*** Supplied material Section Begins ***

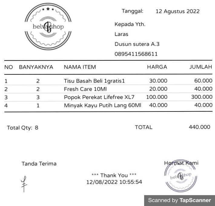 Laras sedang mengalami diare dan dana ini digunakan untuk membeli ●Pampers lifefree perekat 1Bal (isi7pcs uk:XL)@100.000×3bal = 300.000 ●Tisu Mitu Baby 30.000×2 = 60.000 ●Freshcare 20.000×2= 40.000 ●Minyak Kayu Putih = 36.500
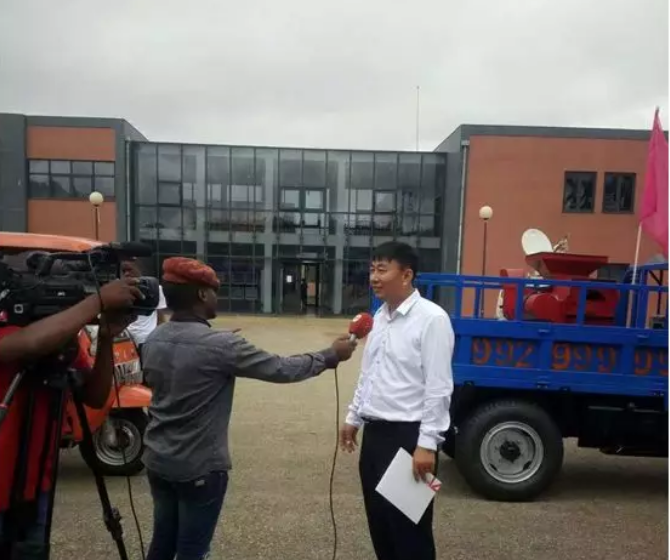 永进工贸董事长陈永保在接受安哥拉TPA电视台、广播电台的现场采访中,介绍了永进工贸农用车系列产品,包括自卸式环卫车、吸污车、冷藏车、移动售货车、柴油自卸轻卡,及专门针对非洲市场研制的多功能农用三轮车。
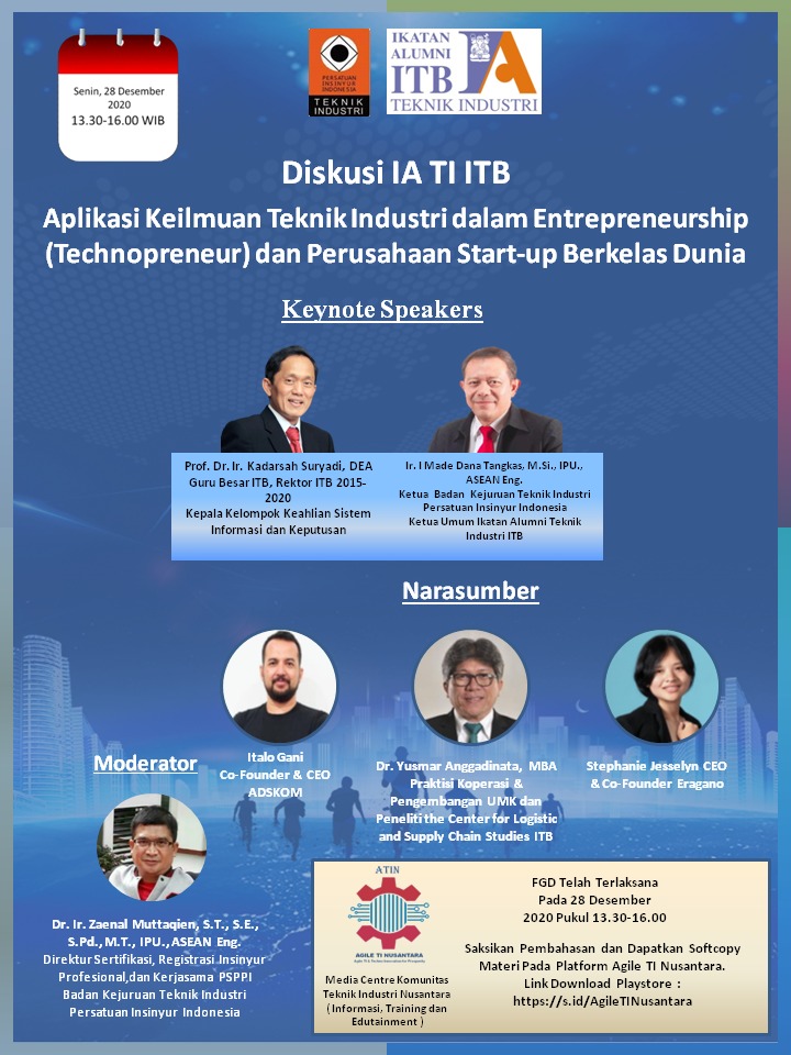 Diskusi IA TI ITB – BKTI-PII : Aplikasi Keilmuan Teknik Industri dalam Entrepreneurship (Technopreneur) dan Perusahaan Start-up Berkelas Dunia

*** Supplied material Section Ends ***

- _What to do_:
Wherever a picture appears, omit it; copy the rest of the data exactly.

- _Response_:
 Laras sedang mengalami diare dan dana ini digunakan untuk membeli ●Pampers lifefree perekat 1Bal (isi7pcs uk:XL)@100.000×3bal = 300.000 ●Tisu Mitu Baby 30.000×2 = 60.000 ●Freshcare 20.000×2= 40.000 ●Minyak Kayu Putih = 36.500
 永进工贸董事长陈永保在接受安哥拉TPA电视台、广播电台的现场采访中,介绍了永进工贸农用车系列产品,包括自卸式环卫车、吸污车、冷藏车、移动售货车、柴油自卸轻卡,及专门针对非洲市场研制的多功能农用三轮车。
 Diskusi IA TI ITB – BKTI-PII : Aplikasi Keilmuan Teknik Industri dalam Entrepreneurship (Technopreneur) dan Perusahaan Start-up Berkelas Dunia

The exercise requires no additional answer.